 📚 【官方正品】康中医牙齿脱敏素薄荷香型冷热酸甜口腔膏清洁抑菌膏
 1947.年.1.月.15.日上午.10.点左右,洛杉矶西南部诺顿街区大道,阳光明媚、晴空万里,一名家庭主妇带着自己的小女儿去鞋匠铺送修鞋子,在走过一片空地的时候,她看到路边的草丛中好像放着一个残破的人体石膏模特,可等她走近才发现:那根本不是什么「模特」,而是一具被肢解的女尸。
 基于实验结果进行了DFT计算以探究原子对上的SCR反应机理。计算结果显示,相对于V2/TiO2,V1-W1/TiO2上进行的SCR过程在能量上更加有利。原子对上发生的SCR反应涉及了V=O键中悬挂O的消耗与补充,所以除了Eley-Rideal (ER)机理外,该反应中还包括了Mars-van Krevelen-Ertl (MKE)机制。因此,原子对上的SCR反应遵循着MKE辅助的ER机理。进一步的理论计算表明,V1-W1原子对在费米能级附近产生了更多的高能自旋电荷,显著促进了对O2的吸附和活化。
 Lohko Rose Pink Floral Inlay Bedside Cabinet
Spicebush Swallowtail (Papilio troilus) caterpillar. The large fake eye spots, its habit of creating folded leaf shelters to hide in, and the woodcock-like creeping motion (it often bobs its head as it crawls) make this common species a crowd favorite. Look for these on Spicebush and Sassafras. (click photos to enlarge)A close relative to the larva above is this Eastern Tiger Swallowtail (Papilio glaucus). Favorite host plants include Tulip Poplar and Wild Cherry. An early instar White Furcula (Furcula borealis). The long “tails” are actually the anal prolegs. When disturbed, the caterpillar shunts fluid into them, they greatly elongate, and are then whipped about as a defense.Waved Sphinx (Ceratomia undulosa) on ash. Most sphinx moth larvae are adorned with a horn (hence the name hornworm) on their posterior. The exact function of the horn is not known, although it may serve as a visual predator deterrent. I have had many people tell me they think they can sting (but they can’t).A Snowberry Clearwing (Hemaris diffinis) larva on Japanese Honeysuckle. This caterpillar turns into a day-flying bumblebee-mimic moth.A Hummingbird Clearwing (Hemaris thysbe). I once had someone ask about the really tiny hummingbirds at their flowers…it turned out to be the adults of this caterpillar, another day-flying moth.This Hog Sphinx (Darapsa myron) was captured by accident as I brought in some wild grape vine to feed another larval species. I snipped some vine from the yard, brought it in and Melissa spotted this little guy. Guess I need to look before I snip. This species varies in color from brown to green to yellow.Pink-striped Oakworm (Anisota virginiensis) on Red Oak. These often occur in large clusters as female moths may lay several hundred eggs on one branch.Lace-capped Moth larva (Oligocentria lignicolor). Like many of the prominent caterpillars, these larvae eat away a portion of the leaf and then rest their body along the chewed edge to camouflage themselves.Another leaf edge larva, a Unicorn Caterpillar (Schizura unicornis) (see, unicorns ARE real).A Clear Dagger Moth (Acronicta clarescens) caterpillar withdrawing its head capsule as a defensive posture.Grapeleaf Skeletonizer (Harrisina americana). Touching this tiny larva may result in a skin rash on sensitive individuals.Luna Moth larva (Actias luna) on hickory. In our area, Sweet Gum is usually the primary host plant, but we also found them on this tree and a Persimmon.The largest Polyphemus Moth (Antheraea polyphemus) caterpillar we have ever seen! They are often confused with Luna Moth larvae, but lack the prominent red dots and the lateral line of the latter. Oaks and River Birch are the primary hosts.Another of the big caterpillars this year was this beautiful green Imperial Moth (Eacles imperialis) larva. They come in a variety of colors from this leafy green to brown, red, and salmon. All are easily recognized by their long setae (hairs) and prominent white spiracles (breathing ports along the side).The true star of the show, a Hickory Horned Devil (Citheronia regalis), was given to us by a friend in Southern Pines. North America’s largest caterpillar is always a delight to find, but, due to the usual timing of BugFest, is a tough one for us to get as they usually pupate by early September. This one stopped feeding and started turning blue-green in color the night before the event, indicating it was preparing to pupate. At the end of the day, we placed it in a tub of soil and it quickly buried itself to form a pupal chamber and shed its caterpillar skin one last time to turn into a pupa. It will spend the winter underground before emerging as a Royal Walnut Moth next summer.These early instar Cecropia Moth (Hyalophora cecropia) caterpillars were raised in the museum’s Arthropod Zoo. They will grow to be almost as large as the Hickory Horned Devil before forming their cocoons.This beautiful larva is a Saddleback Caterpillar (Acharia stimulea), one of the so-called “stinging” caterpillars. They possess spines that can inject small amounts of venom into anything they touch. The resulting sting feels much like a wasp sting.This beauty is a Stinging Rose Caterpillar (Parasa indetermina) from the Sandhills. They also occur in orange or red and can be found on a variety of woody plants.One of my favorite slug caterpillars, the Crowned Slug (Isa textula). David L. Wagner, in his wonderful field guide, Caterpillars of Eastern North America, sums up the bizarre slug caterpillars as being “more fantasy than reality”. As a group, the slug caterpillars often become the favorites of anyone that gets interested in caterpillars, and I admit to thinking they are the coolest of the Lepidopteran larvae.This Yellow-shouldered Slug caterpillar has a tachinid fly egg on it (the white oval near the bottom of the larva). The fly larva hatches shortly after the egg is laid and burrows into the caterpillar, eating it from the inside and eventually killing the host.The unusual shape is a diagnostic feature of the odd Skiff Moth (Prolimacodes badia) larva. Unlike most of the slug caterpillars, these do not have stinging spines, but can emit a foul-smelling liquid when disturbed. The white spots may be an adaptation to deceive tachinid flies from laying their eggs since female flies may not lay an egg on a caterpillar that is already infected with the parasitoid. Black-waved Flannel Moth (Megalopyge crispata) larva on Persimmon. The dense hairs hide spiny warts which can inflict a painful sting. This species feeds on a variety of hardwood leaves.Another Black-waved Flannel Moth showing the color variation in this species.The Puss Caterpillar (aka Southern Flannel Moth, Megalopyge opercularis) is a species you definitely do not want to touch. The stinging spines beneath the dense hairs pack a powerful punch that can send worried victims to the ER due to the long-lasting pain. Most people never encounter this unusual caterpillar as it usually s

□ □ □ □

EXERCISE GOAL
Your job is to restate all of the data word for word.

TASK RESPONSE
 📚 【官方正品】康中医牙齿脱敏素薄荷香型冷热酸甜口腔膏清洁抑菌膏
 1947.年.1.月.15.日上午.10.点左右,洛杉矶西南部诺顿街区大道,阳光明媚、晴空万里,一名家庭主妇带着自己的小女儿去鞋匠铺送修鞋子,在走过一片空地的时候,她看到路边的草丛中好像放着一个残破的人体石膏模特,可等她走近才发现:那根本不是什么「模特」,而是一具被肢解的女尸。
 基于实验结果进行了DFT计算以探究原子对上的SCR反应机理。计算结果显示,相对于V2/TiO2,V1-W1/TiO2上进行的SCR过程在能量上更加有利。原子对上发生的SCR反应涉及了V=O键中悬挂O的消耗与补充,所以除了Eley-Rideal (ER)机理外,该反应中还包括了Mars-van Krevelen-Ertl (MKE)机制。因此,原子对上的SCR反应遵循着MKE辅助的ER机理。进一步的理论计算表明,V1-W1原子对在费米能级附近产生了更多的高能自旋电荷,显著促进了对O2的吸附和活化。
 Lohko Rose Pink Floral Inlay Bedside Cabinet
Spicebush Swallowtail (Papilio troilus) caterpillar. The large fake eye spots, its habit of creating folded leaf shelters to hide in, and the woodcock-like creeping motion (it often bobs its head as it crawls) make this common species a crowd favorite. Look for these on Spicebush and Sassafras. (click photos to enlarge)A close relative to the larva above is this Eastern Tiger Swallowtail (Papilio glaucus). Favorite host plants include Tulip Poplar and Wild Cherry. An early instar White Furcula (Furcula borealis). The long “tails” are actually the anal prolegs. When disturbed, the caterpillar shunts fluid into them, they greatly elongate, and are then whipped about as a defense.Waved Sphinx (Ceratomia undulosa) on ash. Most sphinx moth larvae are adorned with a horn (hence the name hornworm) on their posterior. The exact function of the horn is not known, although it may serve as a visual predator deterrent. I have had many people tell me they think they can sting (but they can’t).A Snowberry Clearwing (Hemaris diffinis) larva on Japanese Honeysuckle. This caterpillar turns into a day-flying bumblebee-mimic moth.A Hummingbird Clearwing (Hemaris thysbe). I once had someone ask about the really tiny hummingbirds at their flowers…it turned out to be the adults of this caterpillar, another day-flying moth.This Hog Sphinx (Darapsa myron) was captured by accident as I brought in some wild grape vine to feed another larval species. I snipped some vine from the yard, brought it in and Melissa spotted this little guy. Guess I need to look before I snip. This species varies in color from brown to green to yellow.Pink-striped Oakworm (Anisota virginiensis) on Red Oak. These often occur in large clusters as female moths may lay several hundred eggs on one branch.Lace-capped Moth larva (Oligocentria lignicolor). Like many of the prominent caterpillars, these larvae eat away a portion of the leaf and then rest their body along the chewed edge to camouflage themselves.Another leaf edge larva, a Unicorn Caterpillar (Schizura unicornis) (see, unicorns ARE real).A Clear Dagger Moth (Acronicta clarescens) caterpillar withdrawing its head capsule as a defensive posture.Grapeleaf Skeletonizer (Harrisina americana). Touching this tiny larva may result in a skin rash on sensitive individuals.Luna Moth larva (Actias luna) on hickory. In our area, Sweet Gum is usually the primary host plant, but we also found them on this tree and a Persimmon.The largest Polyphemus Moth (Antheraea polyphemus) caterpillar we have ever seen! They are often confused with Luna Moth larvae, but lack the prominent red dots and the lateral line of the latter. Oaks and River Birch are the primary hosts.Another of the big caterpillars this year was this beautiful green Imperial Moth (Eacles imperialis) larva. They come in a variety of colors from this leafy green to brown, red, and salmon. All are easily recognized by their long setae (hairs) and prominent white spiracles (breathing ports along the side).The true star of the show, a Hickory Horned Devil (Citheronia regalis), was given to us by a friend in Southern Pines. North America’s largest caterpillar is always a delight to find, but, due to the usual timing of BugFest, is a tough one for us to get as they usually pupate by early September. This one stopped feeding and started turning blue-green in color the night before the event, indicating it was preparing to pupate. At the end of the day, we placed it in a tub of soil and it quickly buried itself to form a pupal chamber and shed its caterpillar skin one last time to turn into a pupa. It will spend the winter underground before emerging as a Royal Walnut Moth next summer.These early instar Cecropia Moth (Hyalophora cecropia) caterpillars were raised in the museum’s Arthropod Zoo. They will grow to be almost as large as the Hickory Horned Devil before forming their cocoons.This beautiful larva is a Saddleback Caterpillar (Acharia stimulea), one of the so-called “stinging” caterpillars. They possess spines that can inject small amounts of venom into anything they touch. The resulting sting feels much like a wasp sting.This beauty is a Stinging Rose Caterpillar (Parasa indetermina) from the Sandhills. They also occur in orange or red and can be found on a variety of woody plants.One of my favorite slug caterpillars, the Crowned Slug (Isa textula). David L. Wagner, in his wonderful field guide, Caterpillars of Eastern North America, sums up the bizarre slug caterpillars as being “more fantasy than reality”. As a group, the slug caterpillars often become the favorites of anyone that gets interested in caterpillars, and I admit to thinking they are the coolest of the Lepidopteran larvae.This Yellow-shouldered Slug caterpillar has a tachinid fly egg on it (the white oval near the bottom of the larva). The fly larva hatches shortly after the egg is laid and burrows into the caterpillar, eating it from the inside and eventually killing the host.The unusual shape is a diagnostic feature of the odd Skiff Moth (Prolimacodes badia) larva. Unlike most of the slug caterpillars, these do not have stinging spines, but can emit a foul-smelling liquid when disturbed. The white spots may be an adaptation to deceive tachinid flies from laying their eggs since female flies may not lay an egg on a caterpillar that is already infected with the parasitoid. Black-waved Flannel Moth (Megalopyge crispata) larva on Persimmon. The dense hairs hide spiny warts which can inflict a painful sting. This species feeds on a variety of hardwood leaves.Another Black-waved Flannel Moth showing the color variation in this species.The Puss Caterpillar (aka Southern Flannel Moth, Megalopyge opercularis) is a species you definitely do not want to touch. The stinging spines beneath the dense hairs pack a powerful punch that can send worried victims to the ER due to the long-lasting pain. Most people never encounter this unusual caterpillar as it usually s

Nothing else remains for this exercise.